Monday, November 29, 2010

A Whole Bucket of Gratitude--and Questions


Thanksgiving is my favorite holiday. There's less hype than at Christmas, plenty of food, good company (if you're lucky), and a reminder to pause and give thanks. It feels so simple and lovely and honest.

But to be frank, giving thanks is challenging me these days. That's not quite true. I think I live with a grateful heart. I'm keenly aware that my life is full of really good things: a loving family, wonderful friends who know me and love me well, a good job (which I just quit, but more on that later), a home that's safe and warm, a kitchen full of food, a child who amazes me, the capacity to take care of her...The list is very, very long and includes less obvious things like books by Joyce Carol Oates and Ian McEwan, chocolate-filled peppermint sticks, and the way it feels to sit beside the fireplace on a cold night and talk with Jason for an hour about the funny and wonderful things Hadley did that day.

Therein lies the rub for me right now. I'm wondering about this God who has blessed us so wildly, so abundantly, so lavishly.

During our trip to Chicago a few months ago, we were out walking on Michigan Avenue one night when we passed a woman, sitting on the sidewalk with her two children. One was a young teenager, the other, probably six or seven. The little one had fallen asleep on her mama's lap, facing the tide of tourists shuffling by. I could barely breathe looking at them. Can you imagine putting your baby to bed on your lap in the midst of a group of strangers? And that teenager...It's hard enough to deal with that crazy transition to adulthood without announcing to the world that you have no home.
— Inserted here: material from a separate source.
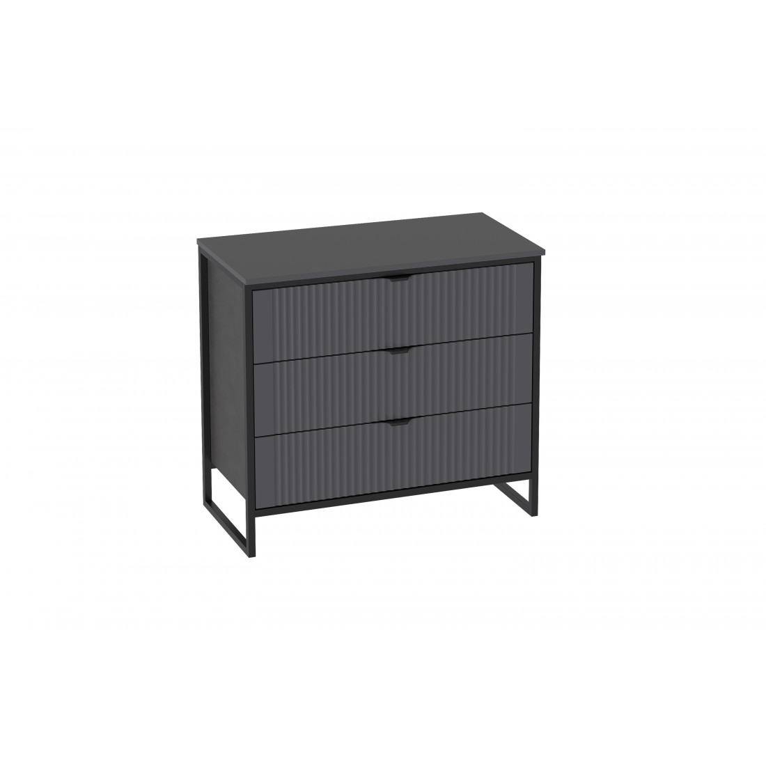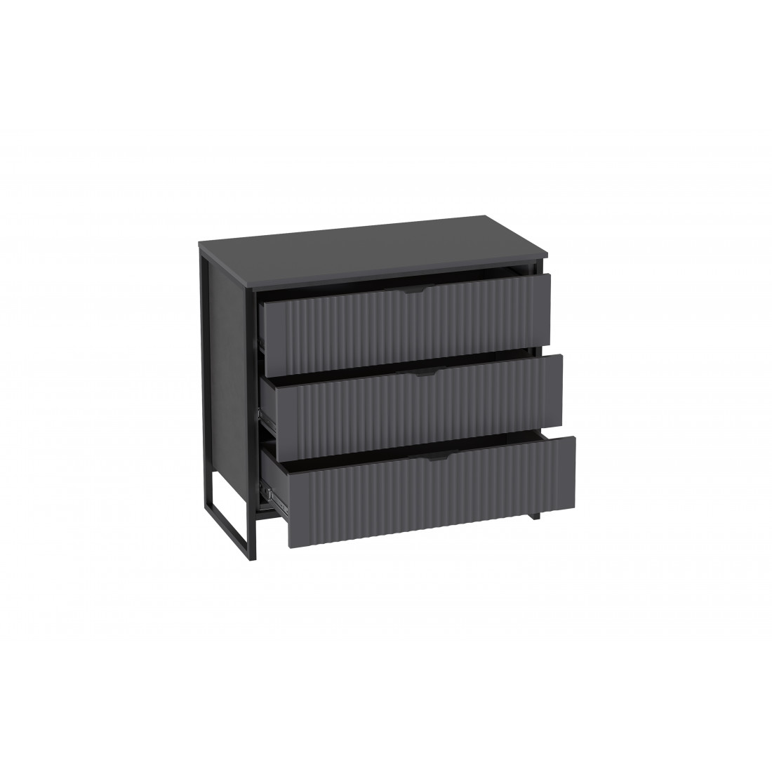 Комод "Нора" на металлокаркасе состоит из трех выдвижных ящиков на шариковых направляющих, что позволяет удобно хранить вещи и поддерживать порядок в комнате. Он выполнен из безопасных, качественных материалов (лдсп и мдф), что гарантирует долговечность и сохранение первоначального вида на протяжении долгого времени.

Can you imagine? No privacy, no place to agonize by yourself over zits or boys or the way your ears suddenly seem to be sticking out. No place that feels safe.

The mama-love got me. (My friend Lauren, who is expecting her second child any nanosecond now, told me once: "Being pregnant the second time is different because you already know the mama-love." So I must give her credit for that absolutely perfect phrase.) I started to cry, and we stopped by a store to buy some food. If I'm honest, it wasn't sacrificial giving; we bought the food more for me than for them. I needed to feel better. I couldn't go to sleep knowing that a mom a few blocks from our hotel would wake her children up in the morning and not have a meal to give them.

I still feel the ache in my heart for that little family. Maybe that mom did something terrible to end up begging for money on a busy sidewalk. Maybe she didn't. It doesn't much matter to me. I believe in personal responsibility, but there are plenty of good things in my life that I didn't do a thing to deserve. And the sad corollary to that fact is that people endure bad things they don't deserve either.

So I don't quite understand the blessings imbalance. I believe in a very big God, a very loving God, a God who is powerful and true and kind and just. I suspect that some day, we'll understand why the world is the way it is. But for now, in the midst of feeling more gratitude than I've ever felt, I feel more puzzled than I've ever felt.

I'm hoping I figure this out, reconcile it in my mind, because one day, this person who shares my genes is going to wonder why one mama gets to blog and post funny pictures of her baby online, where a sea of at least five people reads and posts nice things, while another sleeps on the street. What will I tell her?

I don't know, but for now, I will join Hadley in appreciating simple things, like pigtails, Elmo, treats (her new favorite word), twinkly lights and the 24-hour-Christmas-music radio station.

I think it's fabulous that people start out as babies, not yet ready to ask life's biggest questions, because mamas and daddies need time to prepare. For that, I am thankful.



1 comment:

  1. I must admit I read your blog Monday and just could not respond then. I now think that not responding has given me time to think of what you wrote, and part of me believes that God wanted me to think about this! That is why he placed you in Chicago on Michigan Avenue, and then later to write this blog. So people will think and reflect on all that we do have, that others do not. That does not make their situation any better, but perhaps the prayers we pray for them, will help us in some way.